Isle of Man National Insurance contributions (NICs) are levied on employed and self-employed earners, broadly mirroring UK NIC structure but at different rates. For 2025/26 the employee Class 1 rate is 11% on earnings between £145 and £833 per week, with a lower rate above. Employer NICs are 13.6%.

Current Rate (6 April to 5 April)

Employee: 11% on weekly earnings £145–£833, 1% above. Employer: 13.6% on weekly earnings above £145. Self-employed Class 4: 8%.

Example

An employee earning £600 per week pays £50.05 employee NICs: (£600 - £145) × 11% = £50.05. Their employer pays £62.07 employer NICs: (£600 - £145) × 13.6% = £61.88.

How National Insurance (Isle of Man) works in Isle of Man

Isle of Man National Insurance is administered by the Department of Health and Social Care (DHSC) in the Isle of Man.
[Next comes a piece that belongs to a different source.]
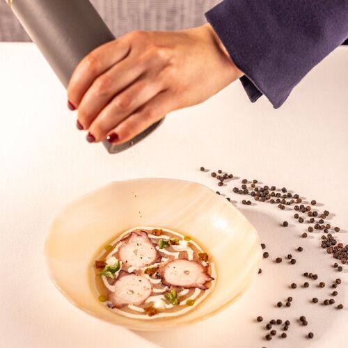 If you happen to find yourself in Pedreguer’s old town, this restaurant close to the market will definitely attract your attention thanks to its façade and its meticulous and contemporary interior design. On their two menus (Valentina and Ausiàs March, both with the option of adding an additional tripe dish), the young couple at the helm, Ausiàs Signes and Felicia Guerra, showcase Mediterranean cuisine that they have impressively brought up to date and which is always built around local and regional ingredients. The desserts here stand out – and for good reason: in 2022 (when he was head pastry chef at the renowned Tatau restaurant in Huesca) Ausiàs won the Pastelero Revelación en Madrid Fusión award.

It funds the Manx National Insurance Fund, which pays contributory benefits including state pension, maternity allowance, sickness benefit, and unemployment benefit.

Class 1 NICs (employed): - Lower earnings limit: £145 per week (2025/26) - Upper earnings limit: £833 per week (equivalent threshold) - Employee rate: 11% on earnings between the lower and upper limits - Employee rate: 1% on earnings above the upper limit - Employer rate: 13.6% on all earnings above the lower limit - Employer NICs are not capped

Class 2 NICs (self-employed): A flat-rate weekly contribution for self-employed individuals with profits above the small profits threshold.

Class 4 NICs (self-employed): An earnings-related contribution on self-employed profits, currently at 8% between the lower profits limit and upper profits limit, and 1% above. Filed via self-assessment.

The Manx NIC system broadly mirrors the UK but the rates, limits, and thresholds are set independently by the Isle of Man Tynwald rather than by Westminster. This means they can diverge over time from UK rates. The Manx employer rate of 13.6% is slightly higher than the UK employer rate (13.8% UK — similar but not identical).

State pension entitlement in the Isle of Man is built up through NIC contributions paid in the island. UK NIC contributions and IoM NIC contributions are treated separately; you do not combine them automatically for IoM pension entitlement, though there are reciprocal arrangements.